On GitHub, the HTML representation is unable to render, please try loading this page with nbviewer.org.
DecisionTreeRegressor()
Model Evaluation¶
# Predicted Output
y_pred = model_DR.predict(x_test)
Performance Evaluation¶
# Model accuracy, how often is the classifier correct?
# Calculate the RMSE and MAE
rmse = np.sqrt(mean_squared_error(y_test, y_pred))
mae = mean_absolute_error(y_test, y_pred)
r2 = r2_score(y_test, y_pred)
# Print the results
print('Root Mean Squared Error (RMSE): %.3f' % rmse)
print('Mean Absolute Error (MAE): %.3f' % mae)
print('R^2 Score: %.3f' % r2)
Root Mean Squared Error (RMSE): 4.274 Mean Absolute Error: 2.963 R^2 Score: 0.793
# Plot actual vs. predicted values
plt.figure(figsize=(8, 6))
plt.scatter(y_test, y_pred, color='blue', alpha=0.5)
plt.plot([min(y_test), max(y_test)], [min(y_test), max(y_test)], '--', color='red') # Plot the diagonal line
plt.title('Actual vs. Predicted Values')
plt.xlabel('Actual Values')
plt.ylabel('Predicted Values')
plt.grid(True)
plt.show()
The plot shows that the model generally performs well, with most of the points clustered around the diagonal line. This indicates that the model is able to accurately predict the median value of owner-occupied homes for most of the data points in the test set. However, there are some points that are further away from the diagonal line, which indicates that the model made larger errors in predicting the median value for those data points.

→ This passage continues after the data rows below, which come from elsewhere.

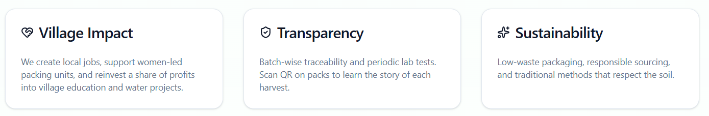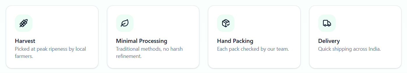 VANVEDA began with a simple belief: the closer food is to nature, the better it tastes and nourishes. Our farmers grow, harvest, and craft using age-old methods. Our village team hand-packs every order, keeping things personal and pure.
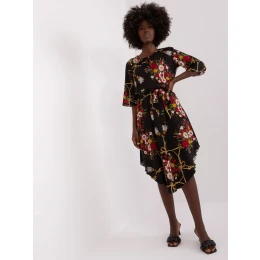 Čierne midi šaty s potlačou a 3/4 rukávmi.
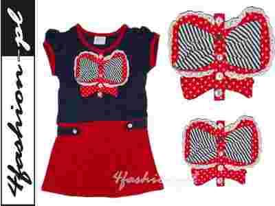 BREEZE sukienka z KOKARDĄ groszki paski granat 128
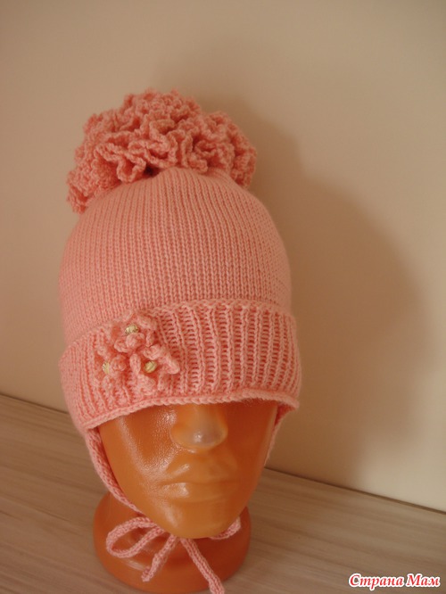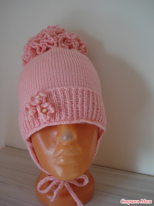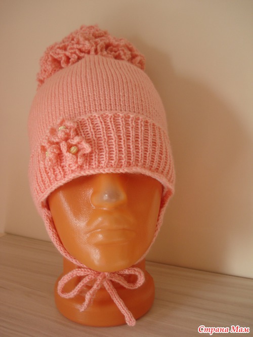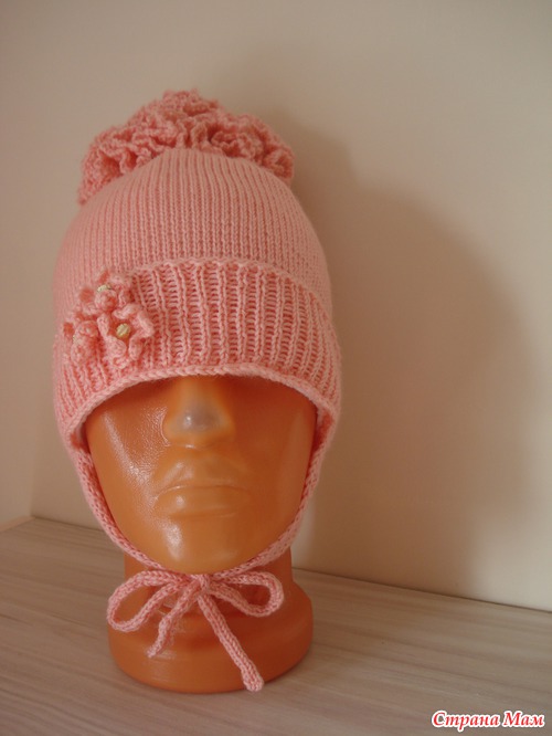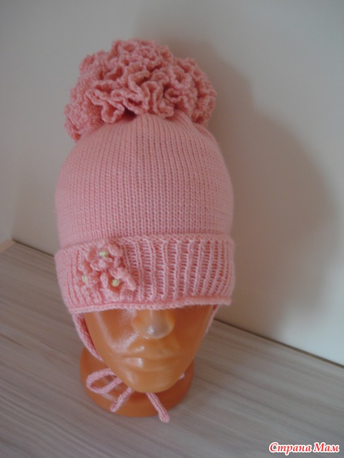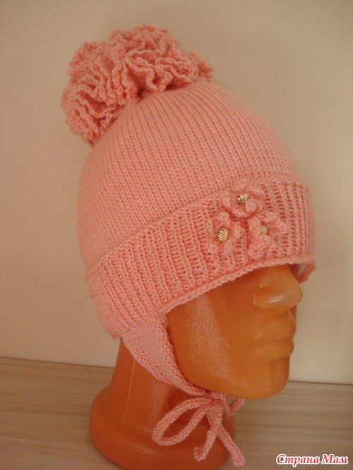 Подробности: Сначала связала образец, высчитала, рассчитала на ОГ. Вязала резинкой 1-1,(поднимала вручную) Далее гладь до нужной длинны. И в последнем ряду сняла на спицу и провязала по 2п вместе и стянула. Потом ушки по 20п 5 рядов просто далее убавки через ряд и когда останется 4 петли вязать шнурочки. Помпон вяжется как Пион называется. набирается по середине петли и по 3-4ст/с/н в каждую петлю так 3-4 ряда последний ряд 3воздушные пели 1ст.б.н......Вроде все. А вшить флис.
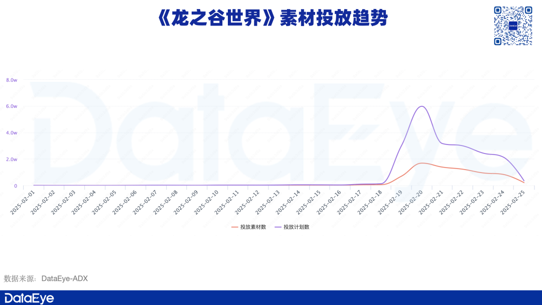 DataEye-ADX数据显示,早在2024年12月初,《龙之谷世界》就开始投放测试素材。不过,较大规模素材出现在今年2月中旬,且是在上线前一天开始进行较多的资源倾斜。从单日数百组的素材投放量升至超7000组投放,而在上天当天迎来投放巅峰,单日投放量超16000组。但自此之后,素材投放量呈直线下滑的趋势。
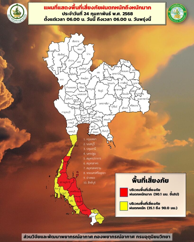 พยากรณ์อากาศสำหรับประเทศไทย 06:00 น. วันนี้ ถึง 06:00 น. วันพรุ่งนี้

Overall, the scatter plot provides a visual representation of the model's performance on the test set. It shows that the model is able to make accurate predictions for most of the data points, but there are some cases where the predictions are less accurate.
Conclusion¶
The decision tree model was able to accurately predict the median value of owner-occupied homes for most of the data points in the test set. However, there were some cases where the predictions were less accurate. This could be due to a number of factors, such as the complexity of the data or the limitations of the decision tree model.
Further improvements could be made to the model by:
- Trying different hyperparameters for the decision tree model.
- Trying different data preprocessing techniques.
- Trying different machine learning algorithms.
By doing this, it may be possible to improve the accuracy of the model and make it more effective at predicting the median value of owner-occupied homes.